Barbara Gayl Ancira. The contempt order states that Ancira may enforce the fees award “by any

means available for the enforcement of a judgment for debt and/or enforcement of child support.”

               Ancira later filed a Petition for Enforcement and Contempt in the underlying cause

seeking to enforce the attorneys’ fees award in the contempt order. She sought payment of the award

and requested that relator be jailed for up to eighteen months for failing to pay the attorneys’ fees.

She collected a portion of the fee due by garnishing relator’s bank account. Relator filed a motion
to transfer the underlying case to Harris County, supported by an affidavit in which he avers that

the child has resided with Johnson in Harris County since May 2007. Ancira opposed the transfer,

contending that the petition to enforce the contempt order is an independent cause of action filed by

her against relator. Because her petition concerns only attorneys’ fees payable to her, Ancira argues

that it is not subject to the statutes governing transfer of suits affecting the parent-child relationship.
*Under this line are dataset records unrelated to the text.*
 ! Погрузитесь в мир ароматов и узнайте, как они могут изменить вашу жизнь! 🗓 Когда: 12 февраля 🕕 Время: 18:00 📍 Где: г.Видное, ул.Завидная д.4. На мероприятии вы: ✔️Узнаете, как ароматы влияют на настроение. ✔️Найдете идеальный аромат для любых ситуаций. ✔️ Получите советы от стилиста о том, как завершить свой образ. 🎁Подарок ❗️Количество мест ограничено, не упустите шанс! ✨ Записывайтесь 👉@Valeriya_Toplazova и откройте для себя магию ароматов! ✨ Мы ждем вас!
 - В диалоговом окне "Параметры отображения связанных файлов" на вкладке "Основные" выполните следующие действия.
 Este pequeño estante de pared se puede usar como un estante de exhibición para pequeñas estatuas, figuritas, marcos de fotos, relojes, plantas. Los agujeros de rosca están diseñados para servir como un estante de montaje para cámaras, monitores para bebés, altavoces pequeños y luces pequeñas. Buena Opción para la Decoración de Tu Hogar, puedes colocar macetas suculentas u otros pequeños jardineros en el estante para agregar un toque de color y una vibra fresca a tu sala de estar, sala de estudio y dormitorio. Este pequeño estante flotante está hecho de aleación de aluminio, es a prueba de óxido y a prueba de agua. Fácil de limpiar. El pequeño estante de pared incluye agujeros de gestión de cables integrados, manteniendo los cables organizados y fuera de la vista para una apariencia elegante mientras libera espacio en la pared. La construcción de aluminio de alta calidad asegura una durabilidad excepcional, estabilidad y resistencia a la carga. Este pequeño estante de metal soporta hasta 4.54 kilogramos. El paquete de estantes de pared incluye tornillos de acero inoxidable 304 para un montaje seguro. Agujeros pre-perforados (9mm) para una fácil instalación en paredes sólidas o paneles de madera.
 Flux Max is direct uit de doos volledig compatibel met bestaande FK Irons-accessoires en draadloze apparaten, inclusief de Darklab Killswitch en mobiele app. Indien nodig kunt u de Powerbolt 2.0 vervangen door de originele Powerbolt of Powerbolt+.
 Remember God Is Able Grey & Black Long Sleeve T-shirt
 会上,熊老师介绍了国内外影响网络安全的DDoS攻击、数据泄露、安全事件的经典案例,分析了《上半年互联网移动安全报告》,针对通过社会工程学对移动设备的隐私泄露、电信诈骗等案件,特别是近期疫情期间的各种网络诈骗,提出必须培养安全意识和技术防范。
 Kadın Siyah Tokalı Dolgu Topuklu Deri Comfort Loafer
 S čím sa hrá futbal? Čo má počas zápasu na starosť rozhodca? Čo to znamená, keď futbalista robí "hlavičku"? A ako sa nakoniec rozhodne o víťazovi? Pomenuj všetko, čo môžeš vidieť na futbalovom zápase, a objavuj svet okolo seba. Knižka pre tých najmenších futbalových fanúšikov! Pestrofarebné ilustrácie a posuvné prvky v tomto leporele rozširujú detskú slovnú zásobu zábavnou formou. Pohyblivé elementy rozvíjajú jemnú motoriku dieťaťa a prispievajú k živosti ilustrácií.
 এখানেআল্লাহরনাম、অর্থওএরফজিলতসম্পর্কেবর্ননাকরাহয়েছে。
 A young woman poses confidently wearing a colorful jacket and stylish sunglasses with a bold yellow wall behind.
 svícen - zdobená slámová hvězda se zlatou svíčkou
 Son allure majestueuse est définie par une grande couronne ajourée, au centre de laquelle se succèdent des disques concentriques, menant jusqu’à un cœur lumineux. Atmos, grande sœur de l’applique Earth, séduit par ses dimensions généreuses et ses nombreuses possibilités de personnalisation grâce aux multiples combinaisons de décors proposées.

She has filed a motion to sever her petition from the child custody case. That motion remains

pending in the trial court.

                The “Mandatory Transfer” section of the family code pertaining to suits affecting the

parent-child relationship provides in relevant part:

        If a suit to modify or a motion to enforce an order is filed in the court having
        continuing, exclusive jurisdiction of a suit, on the timely motion of a party the court
        shall, within the time required by Section 155.204, transfer the proceeding to another
        county in this state if the child has resided in the other county for six months or
        longer.

Tex. Fam. Code Ann. § 155.201(b) (West 2008). Ancira’s Petition for Enforcement and Contempt

was filed in the same cause number as the contempt order and the divorce and custody decree. She

asks the court to enforce the order by jailing relator if necessary—a means available only because

the attorneys’ fees award was made payable as child support. See Tex. Const. art. I, § 18 (“No

person shall ever be imprisoned for debt.”); In re Henry, 154 S.W.3d 594, 596 (Tex. 2005).1 While

        1
          The court in Henry wrote that “attorney’s fees related to child-support contempt actions
are viewed as costs and are not considered a debt. Ex parte Helms, 259 S.W.2d 184, 188-89
(Tex. 1953). In this case, the trial court clearly had authority to order Paul confined for failure to pay
past-due child support and related attorney’s fees.” In re Henry, 154 S.W.3d 594, 596 (Tex. 2005).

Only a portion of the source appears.